Peribronchial and perivascular deposition of α-SMA in C57BL/6 mouse lungs at day 21 after injection of endotracheal sterile saline only (A), endotracheal bleomycin only (B), endotracheal bleomycin followed by intravenous sterile saline (C) or endotracheal bleomycin followed by intravenous hUC-MSC (D). Lung sections were immunostained with anti-α-SMA antibody. Representative microscopic images (40× magnification) of three independent experiments are shown.
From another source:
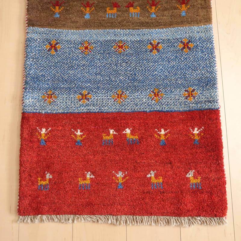 エンジ、こげ茶と、ブルーやグレーなどのドット柄の落ち着いた色づかいボーダーに動物や生命の木などのモチーフが並んで可愛らしい雰囲気。むっくりと厚手で、目の詰まった毛足です。

https://doi.org/10.1371/journal.pone.0196048.g006

The attenuation of bleomycin-induced fibrosis by hUC-MSC is associated with down-regulation of M2 macrophage activation

To investigate the mechanisms through which hUC-MSC may affect the immune response to bleomycin challenge and exert their anti-inflammatory, anti-fibrotic effect, mRNA was extracted from whole lung tissue obtained from hUC-MSC-treated and untreated mice at days 8, 14, and 21 after bleomycin instillation and transcripts were analyzed by quantitative real-time PCR. Lungs exposed to bleomycin displayed a significant increase in the expression of pro-inflammatory cytokines IL-1β, IL-2, IL-6 and anti-inflammatory cytokine IL-10, in comparison with sterile saline-treated control mice. Notably, following hUC-MSC treatment, the expression of pro-inflammatory cytokines IL-1 and IL-2 remained elevated whereas IL-6 and IL-10 were progressively reduced, down to the day 21 levels observed in saline-treated control mice (Fig 4D–4G). Cytokine gene expression data were confirmed by protein measurement at day 21 using Western blotting (Fig 5C–5F). Since IL-6 and IL-10 are secreted, albeit not exclusively, by M1 and M2 macrophages[27, 28], that have been implicated in tissue repair and subsequent organ fibrosis[29], we employed two different monoclonal antibodies, one targeting galectin-3, a general macrophage marker of chronic inflammation and fibrosis during bleomycin-induced fibrosis [3032], the other one targeting a more specific marker of M2 macrophage activation such as arginase-1[33], to specifically label these cells in lungs taken from the experimental mice.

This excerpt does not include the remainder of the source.